# "Annie Get Your Gun" prop list



## LordOfTheTechies (Feb 3, 2009)

My theatre is doing "Annie Get Your Gun," and I have been talked into pulling props. Does anyone have a completed props list on hand that they could email me?

Thanks


----------



## Footer (Feb 3, 2009)

Prop lists change on a show by show basis. I rarely end up with the same props the script lists. Go through the script and figure out what the script calls for. Then, talk to your SM, ASM, and Director on what they want. Usually those two things differ rather greatly.


----------



## LordOfTheTechies (Feb 4, 2009)

Thats probably what I should do. I was asking out of pure laziness.

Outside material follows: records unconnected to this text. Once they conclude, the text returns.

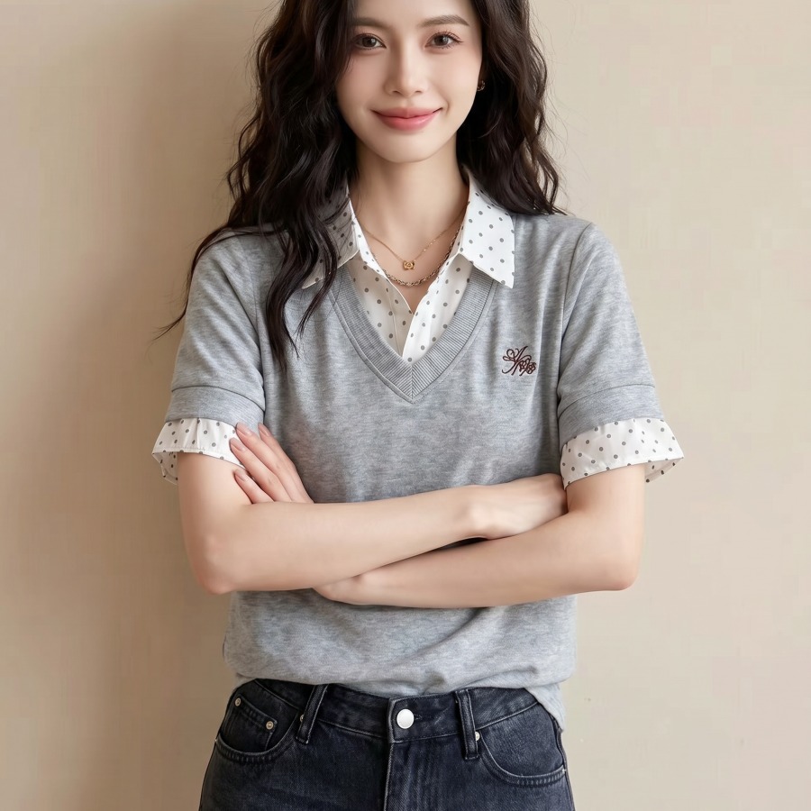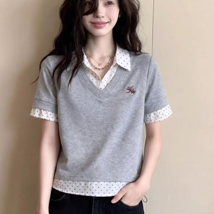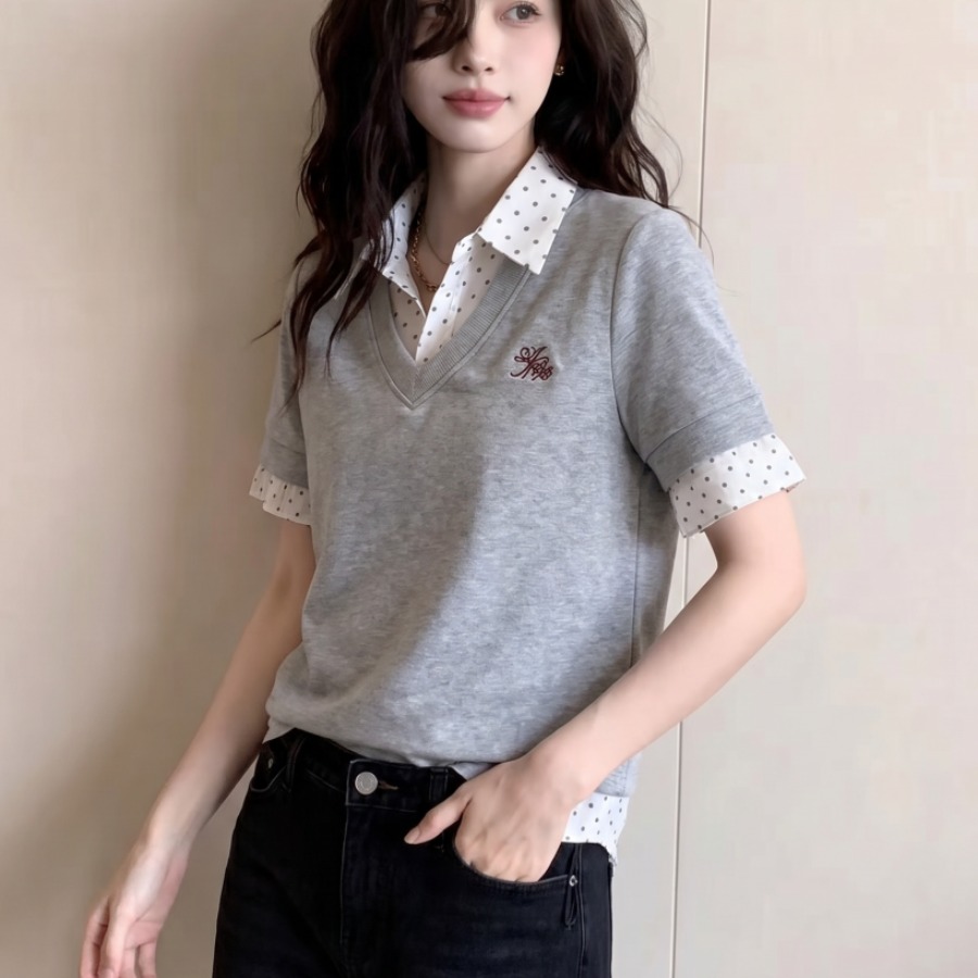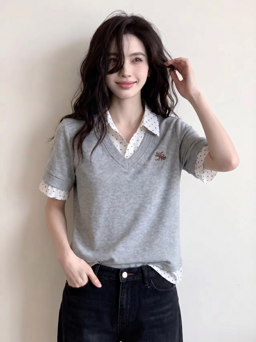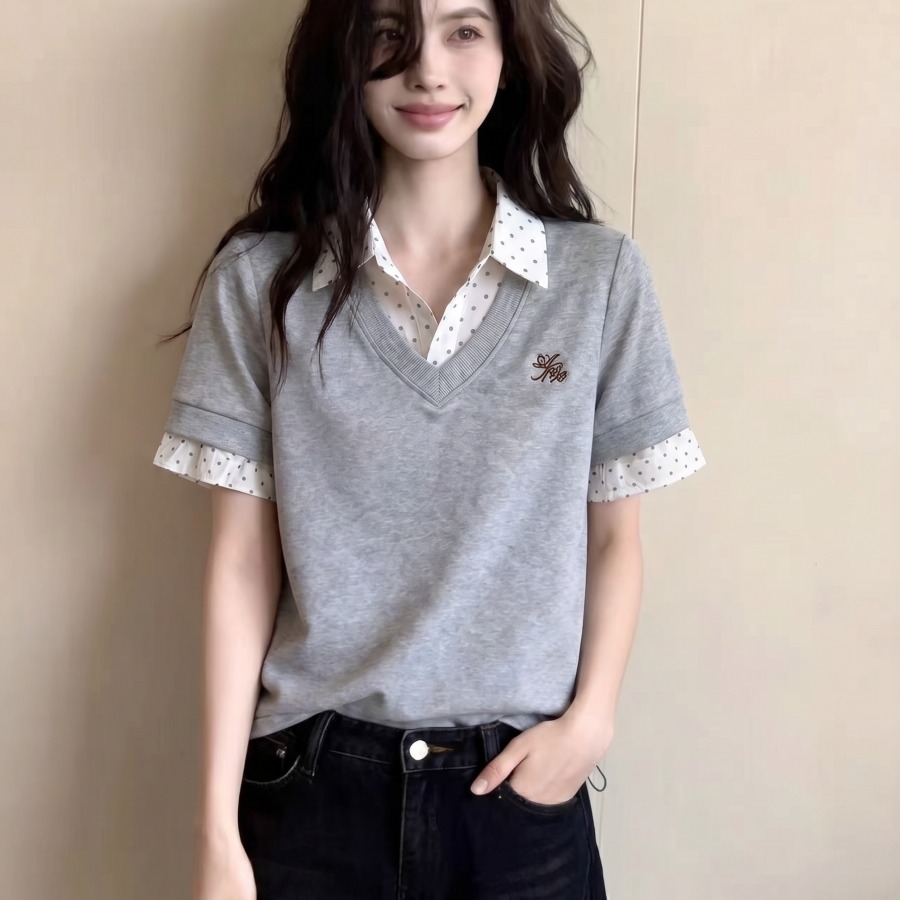 빅 사이즈 디자인 센스 셔츠 칼라 패치워크 티셔츠 페이크 레이어드 반팔 여성 여름 새로운 다용도 슬림해 보이는 표지 고기 맨위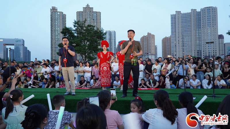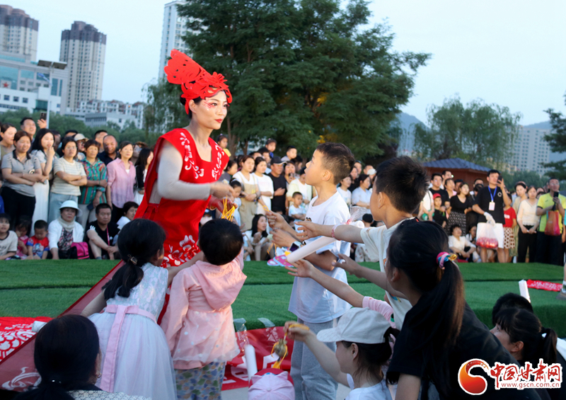 來自鎮(zhèn)原縣文化館的工作人員身著剪紙服飾,為現(xiàn)場觀眾送上慶陽香包,向觀眾們展示慶陽獨特的鄉(xiāng)土風(fēng)情。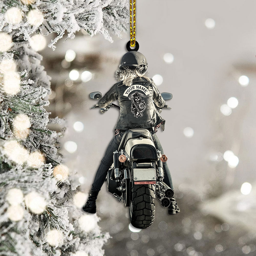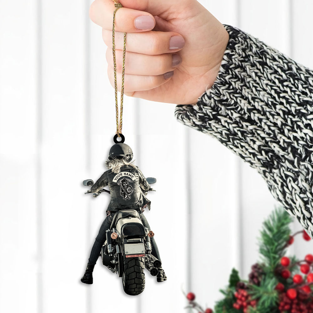 Lady Biker Back View Personalized Shape Acrylic Ornament 2 Sides Print, Made By Acrylic And The 2 Sides Are The Same
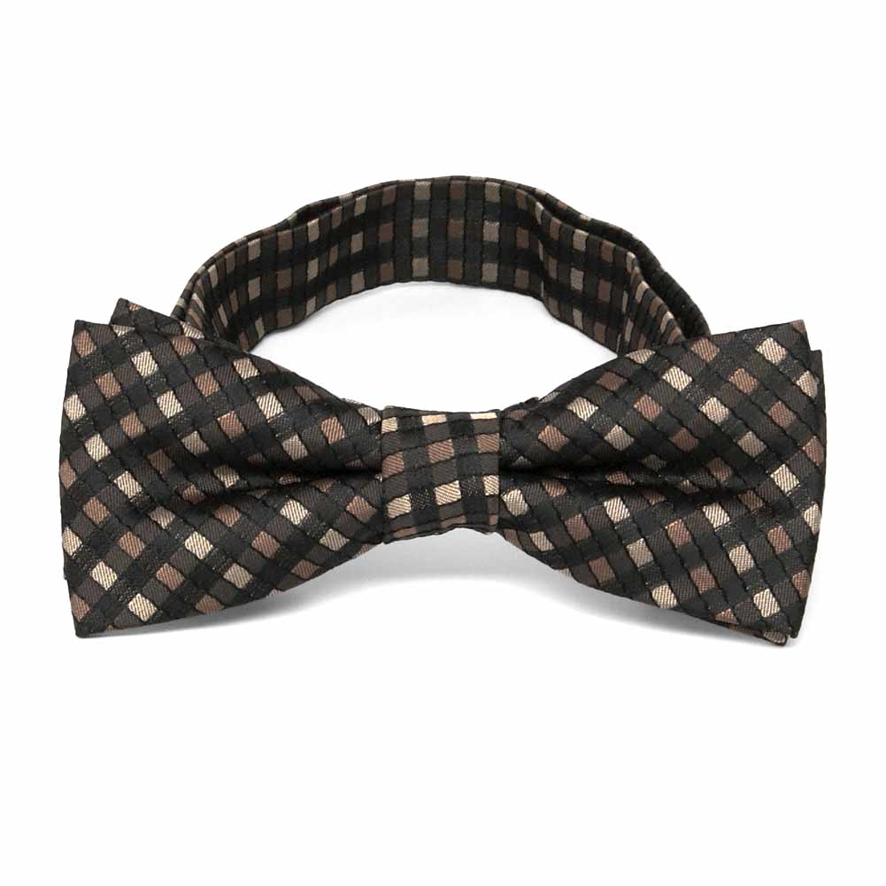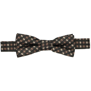 Make getting ready easier with this boys' bow tie—your go-to accessory for quick, stylish outfits. The light and dark brown gingham-inspired pattern pairs perfectly with tan slacks or khakis, keeping him looking sharp without the fuss. For dressier occasions, it looks great with a camel or navy suit. He'll impress at any event!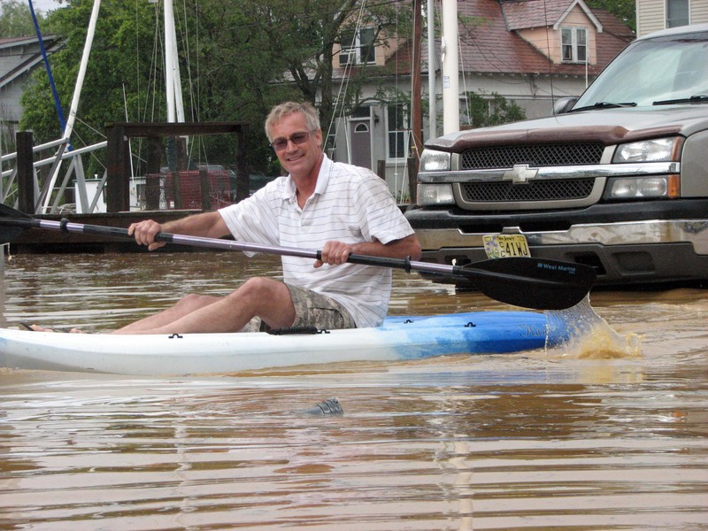 Highlands resident Derek Gordon street kayaking after this afternoon's storm. Photo credit: Brian Cobb
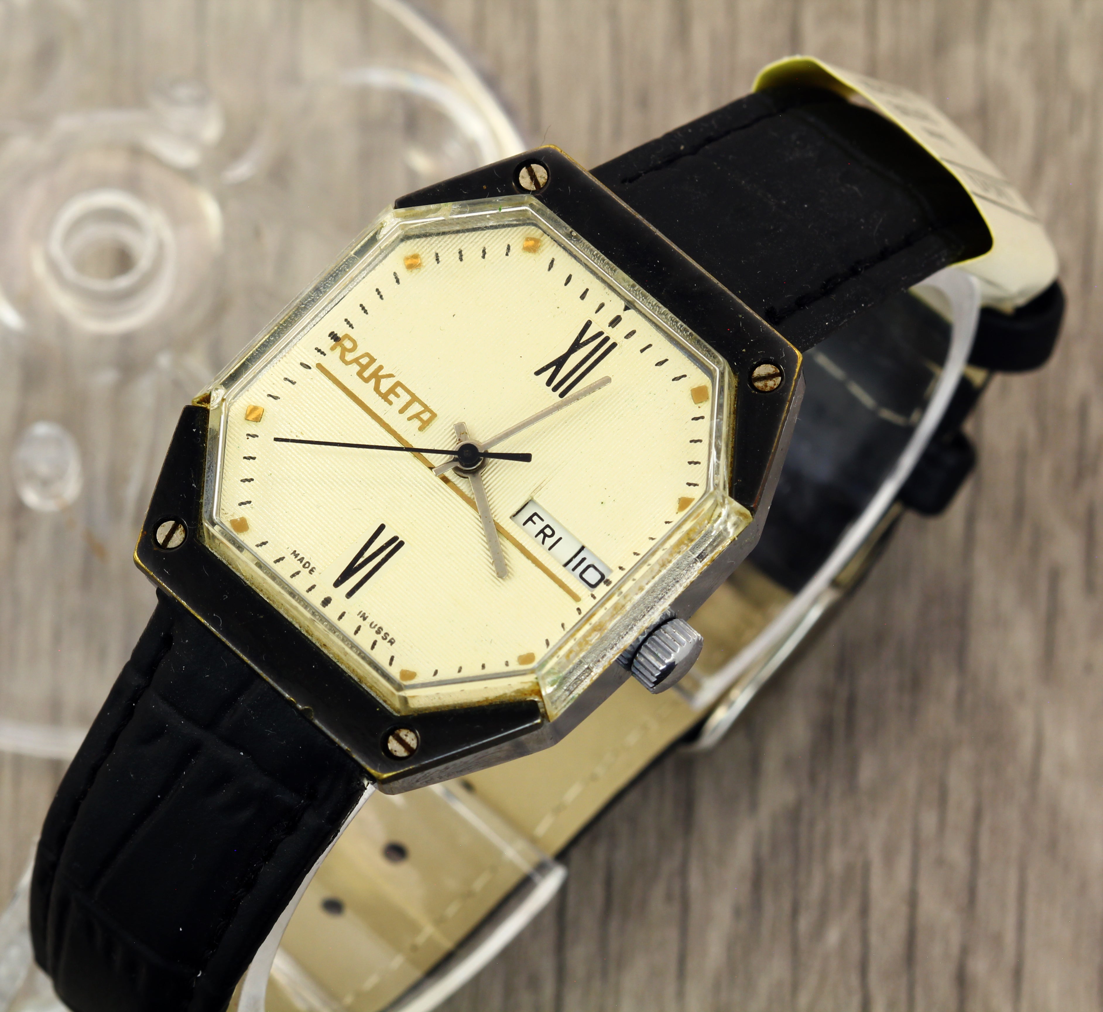 Whether worn for business or leisure, the Raketa 2628.H Octagon Soviet Mechanical Men's Wristwatch with Day and Date Function (Export Version) is a timeless accessory that exudes sophistication and style. With its combination of form and function, it serves as a tribute to the enduring legacy of Raketa and the global appeal of Soviet watchmaking excellence.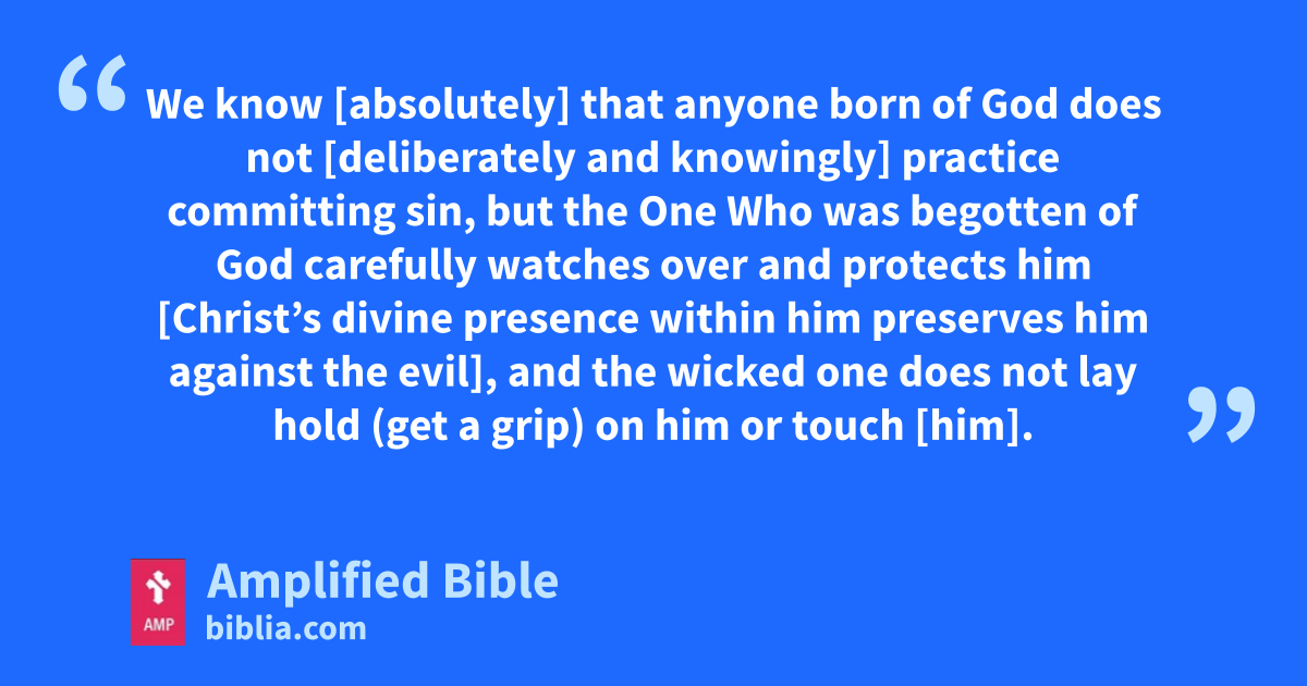 We know [absolutely] that anyone born of God does not [deliberately and knowingly] practice committing sin, but the One Who was begotten of God carefully watches over and protects him [Christ’s divine presence within him preserves him against the evil], and the wicked one does not lay hold (get a grip) on him or touch [him].

This script doesn't have a prop list, so I was just hoping someone else had something easily accesible that I could start with.


----------



## derekleffew (Feb 4, 2009)

1 - gun
1 - dog named "Sandy"

optional:
DVD of _Old Yeller_.


----------



## LightingPenguin (Feb 4, 2009)

derekleffew said:


> 1 - gun
> 1 - dog named "Sandy"
> 
> optional:
> DVD of _Old Yeller_.



1. script
2. paper/pencil
3. a few hours


----------



## LordOfTheTechies (Feb 5, 2009)

Ok I get it, I'll have to find a cure for my laziness, suck it up and just finish it. = ) Thanks anyway.


----------



## DaveySimps (Feb 6, 2009)

[QUOTE
1. script
2. paper/pencil
3. a few hours[/QUOTE]

And perhaps some caffeine?

~Dave


----------